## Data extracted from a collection
* * * * * * * * *

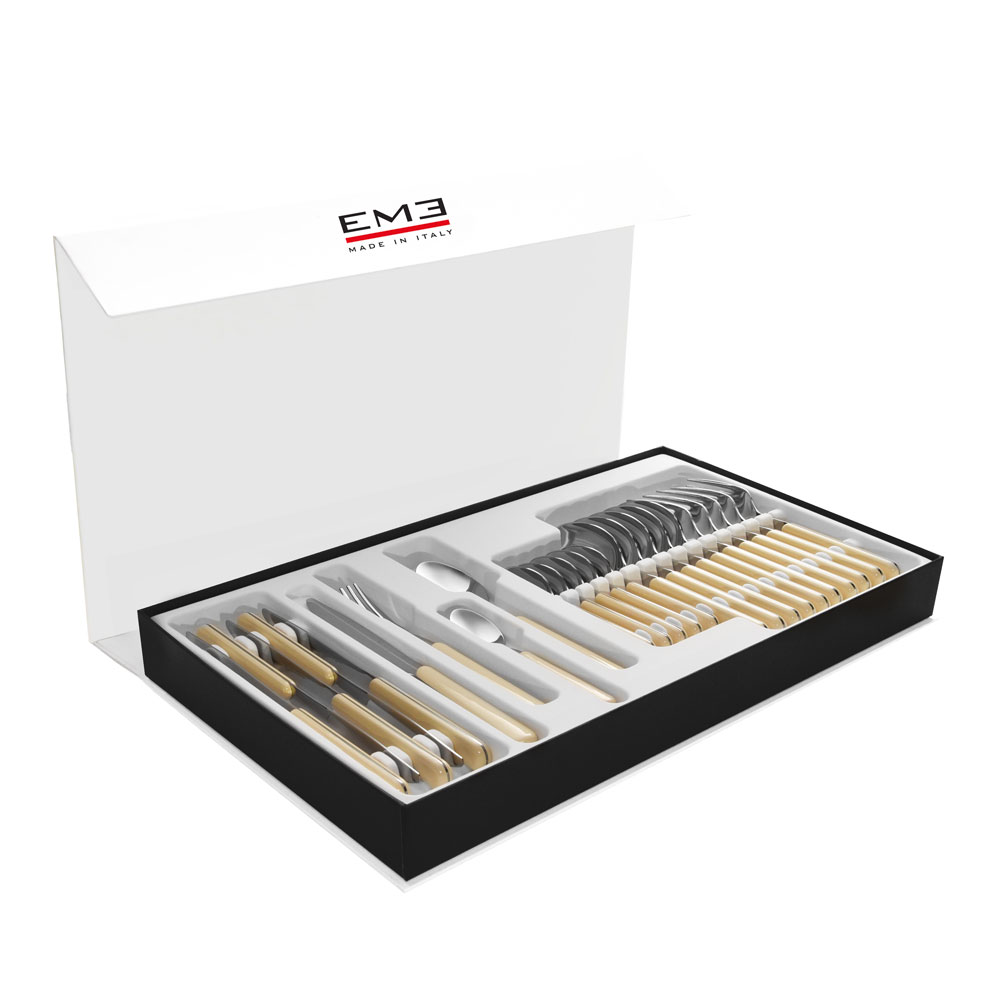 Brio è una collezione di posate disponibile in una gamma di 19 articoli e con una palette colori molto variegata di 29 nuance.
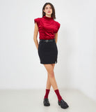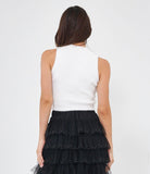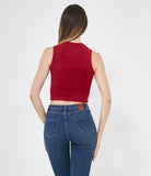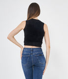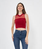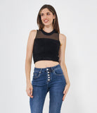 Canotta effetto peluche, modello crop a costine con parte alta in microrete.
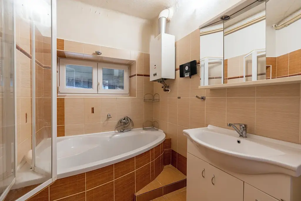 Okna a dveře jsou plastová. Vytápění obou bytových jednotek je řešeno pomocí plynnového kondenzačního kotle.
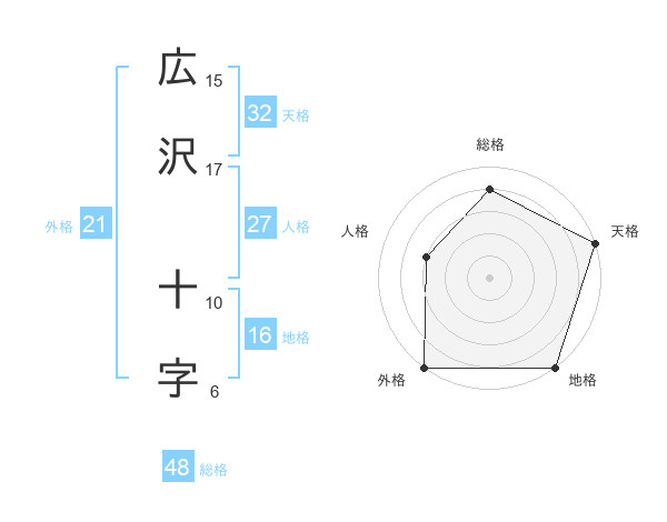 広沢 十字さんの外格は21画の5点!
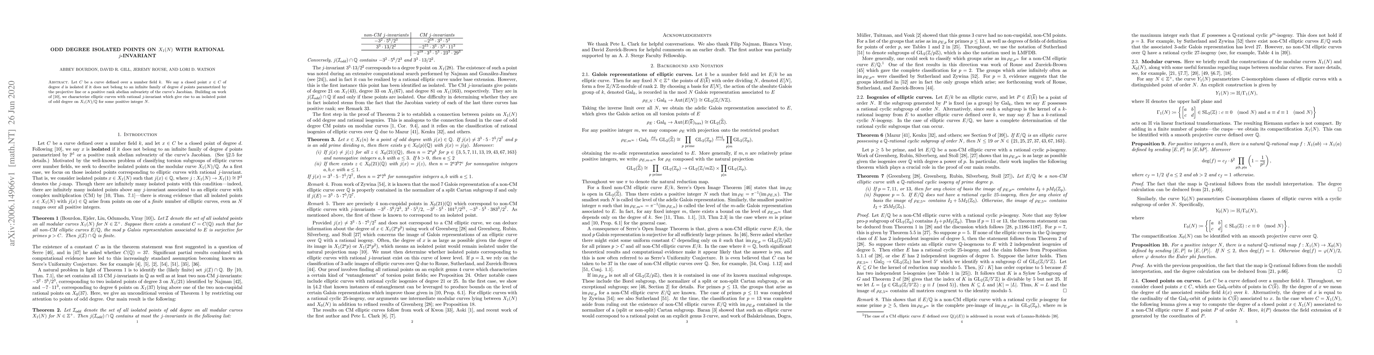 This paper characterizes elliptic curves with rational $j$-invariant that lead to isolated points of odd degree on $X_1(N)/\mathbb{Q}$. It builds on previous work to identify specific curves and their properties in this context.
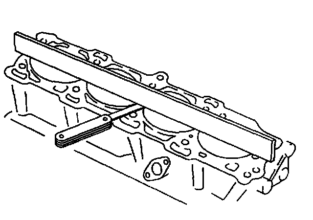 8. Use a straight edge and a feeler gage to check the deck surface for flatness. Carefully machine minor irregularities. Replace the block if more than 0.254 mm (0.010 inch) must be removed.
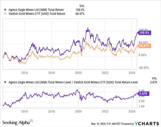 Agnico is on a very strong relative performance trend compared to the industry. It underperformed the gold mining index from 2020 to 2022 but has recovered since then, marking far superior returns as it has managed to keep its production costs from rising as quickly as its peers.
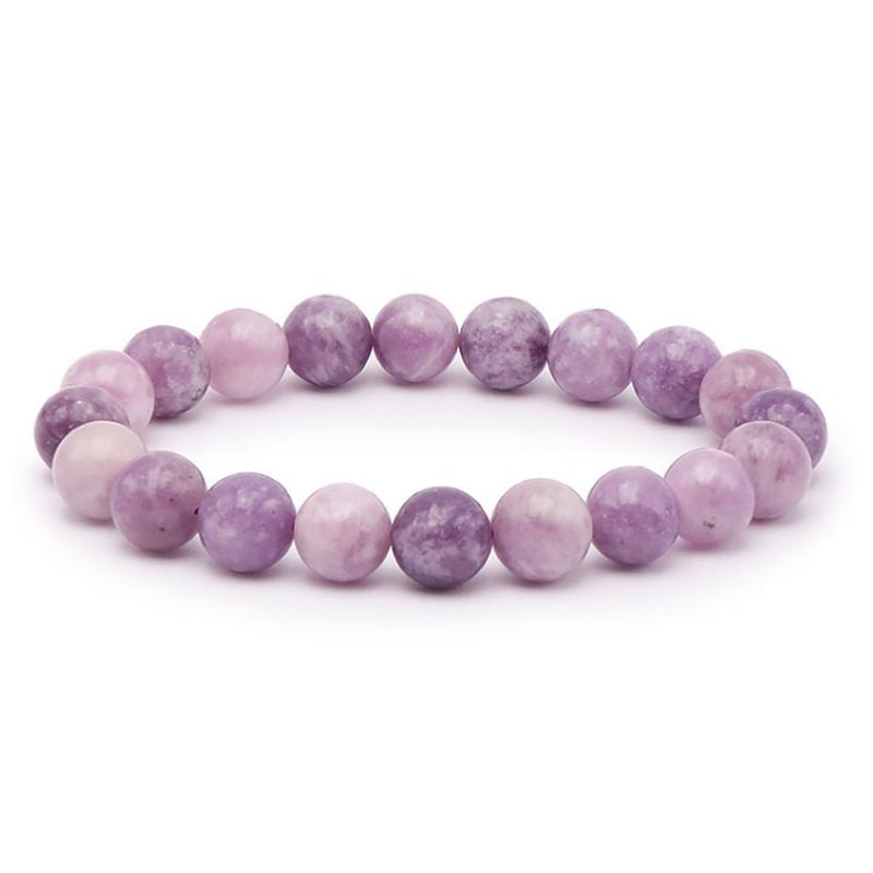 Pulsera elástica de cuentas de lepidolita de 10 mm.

* * * * * * * * *

## WORK ORDER
Retype the lines exactly as they appear, beginning with the line that contains "8. Use a straight" and ending with the final line of the entries, and omit the pictures.

## TASK SOLUTION
 8. Use a straight edge and a feeler gage to check the deck surface for flatness. Carefully machine minor irregularities. Replace the block if more than 0.254 mm (0.010 inch) must be removed.
 Agnico is on a very strong relative performance trend compared to the industry. It underperformed the gold mining index from 2020 to 2022 but has recovered since then, marking far superior returns as it has managed to keep its production costs from rising as quickly as its peers.
 Pulsera elástica de cuentas de lepidolita de 10 mm.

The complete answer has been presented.